Table 2 shows the results of the unit root test. The findings suggest that variables such as child mortality, infant mortality, and access to clean energy and technology are I(0) variables for both Africa and Asia, meaning they are stationary at the level. Conversely, GDP per capita, health expenditure, and population growth are I(1) variables, suggesting they become stationary after the first difference. The life expectancy and female adult mortality variables are I(1) for Asia but I(0) for Africa. Overall, the unit root test results reveal a mixed order of integration.
Table 3 presents the main results that show the impact of ACFT on health outcomes. The evidence from the table generally shows that ACFT improves health outcomes in both Asia and Africa, with varying degrees of impact. Specifically, ACFT reduces infant mortality, child mortality and female adult mortality and improves life expectancy. Thus, an increase in ACFT by 1% will reduce infant mortality, child mortality, and female adult mortality by 0.21%, 0.30%, and 0.12% in Asia and 0.21%, 0.27%, and 0.09% in Africa, respectively. Our results corroborate the finding by Byaro et al. (2024) who established the negative effects of ACFT on similar health outcome variables. Furthermore, if ACFT increases by 1%, life expectancy in Asia and Africa will rise by 0.03% and 0.05%, respectively. Generally, our findings show that ACFT improves the health outcomes in both Asia and Africa.

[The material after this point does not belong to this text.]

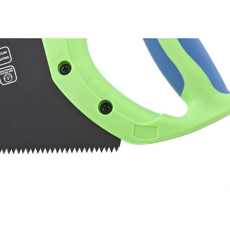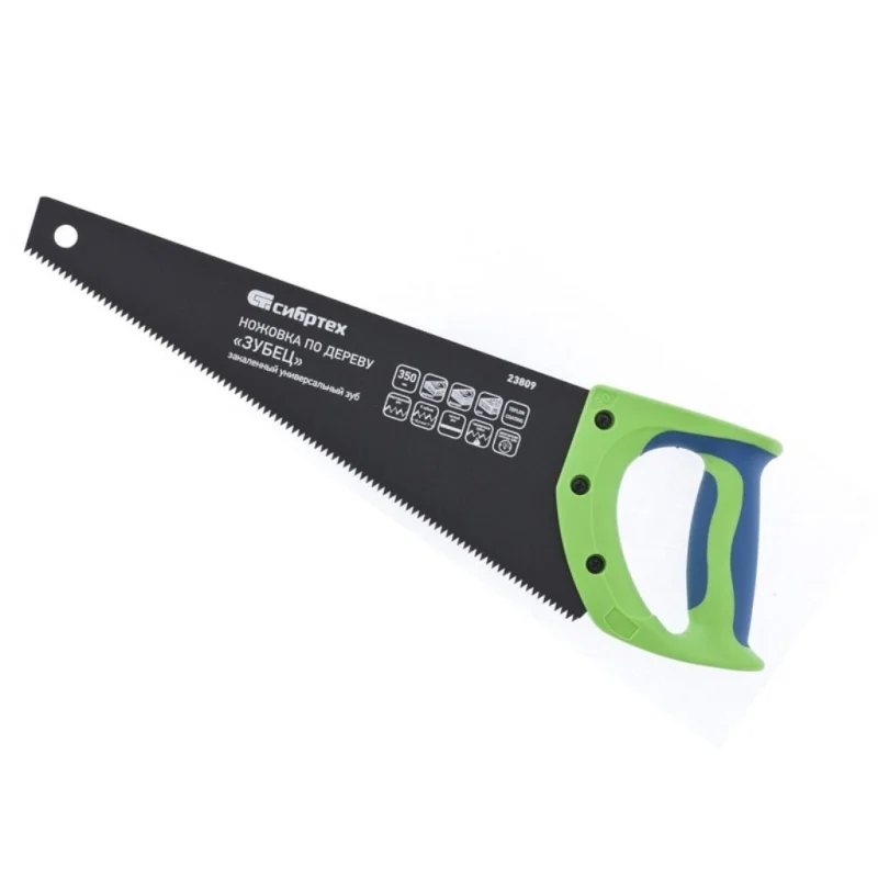 Ножовка Сибртех по дереву 350 мм с закаленными зубьями (23809) стандартная, без дополнительной комплектации, с широким полотном, полотно инструмента с защитным покрытием изготовлено из легированной стали и имеет зуб с двухгранной заточкой. Количество зубьев на дюйм-7 . Зубья ножовки закалены. Двухкомпонентная рукоятка изготовлена из ударопрочной пластмассы, крепится тремя винтами к полотну. Используется при продольном и поперечном пилении древесины.

In all models, control variables such as health expenditure and GDP per capita follow a priori expectations, whereas population growth yields mixed results across the models. Expectedly, GDP per capita and health expenditure reduce IF, CM, and FAM and improve LE.
IV. Conclusion and Policy Recommendations
In this study, we have tested the null hypothesis that progress made in Africa and Asia in terms of ACFT does not improve health outcomes. We tested this null hypothesis using data from 20 countries in Africa and Asia, covering the period from 2000 to 2021. To address some panel data method problems, such as heteroscedasticity and serial and cross-sectional correlations, we employed the GLS estimation method.
Our findings show that ACFT indeed improves health outcomes in both Asia and Africa, with varying degrees of impact. This shows that even though there is variation in ACFT in both regions, ACFF is indispensable for improving health outcomes in Asia and Africa. The effect of control variables also follows a priori expectations, as both health expenditure and GDP per capita reduce IF, CM, and FAM, while improving LE. However, population growth produces mixed results.
Based on our findings, we recommend Asian and African governments to prioritise the implementation of policies that enhance access to clean fuel and technology, given their proven ability to improve health outcomes. This includes allocating resources to the development of renewable energy infrastructure and the implementation of efficient cooking technology.